_INPUT DATA_:
-- Opening Marker --

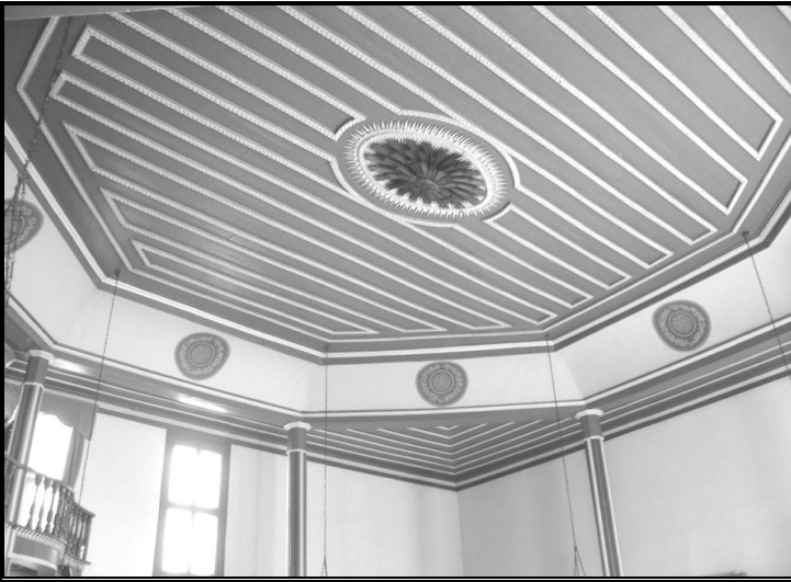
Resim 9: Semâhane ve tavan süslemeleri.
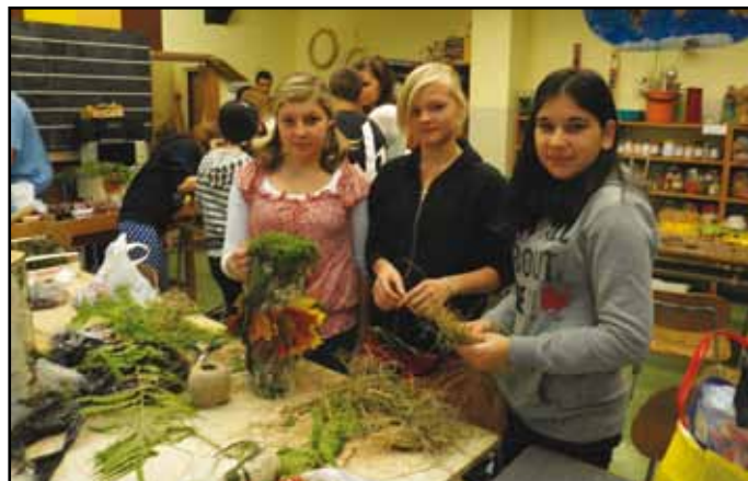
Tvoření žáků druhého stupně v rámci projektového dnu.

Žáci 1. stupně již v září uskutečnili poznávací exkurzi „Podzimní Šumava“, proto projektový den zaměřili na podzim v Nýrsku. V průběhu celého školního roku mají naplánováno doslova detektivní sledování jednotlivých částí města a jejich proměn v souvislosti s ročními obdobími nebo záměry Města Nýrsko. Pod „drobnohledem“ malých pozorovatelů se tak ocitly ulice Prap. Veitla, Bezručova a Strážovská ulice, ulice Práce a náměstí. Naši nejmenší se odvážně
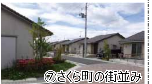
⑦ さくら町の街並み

-- Closing Marker --
-- Opening Marker --

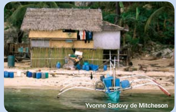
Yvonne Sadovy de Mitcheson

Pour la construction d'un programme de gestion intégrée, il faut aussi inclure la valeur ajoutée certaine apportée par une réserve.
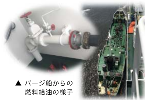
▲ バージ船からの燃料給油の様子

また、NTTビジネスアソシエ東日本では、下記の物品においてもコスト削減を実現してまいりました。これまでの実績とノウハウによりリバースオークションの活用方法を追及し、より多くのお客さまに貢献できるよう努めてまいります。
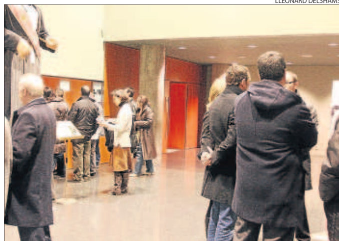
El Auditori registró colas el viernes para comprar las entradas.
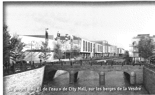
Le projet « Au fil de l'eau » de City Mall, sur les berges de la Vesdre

-- Closing Marker --

_TASK DESCRIPTION_: I'd like the lines above repeated exactly, from the one that contains "また、NTTビジネスアソシエ" through the one that contains "de la Vesdre", with no pictures.

_YOUR RESPONSE_:
また、NTTビジネスアソシエ東日本では、下記の物品においてもコスト削減を実現してまいりました。これまでの実績とノウハウによりリバースオークションの活用方法を追及し、より多くのお客さまに貢献できるよう努めてまいります。
El Auditori registró colas el viernes para comprar las entradas.
Le projet « Au fil de l'eau » de City Mall, sur les berges de la Vesdre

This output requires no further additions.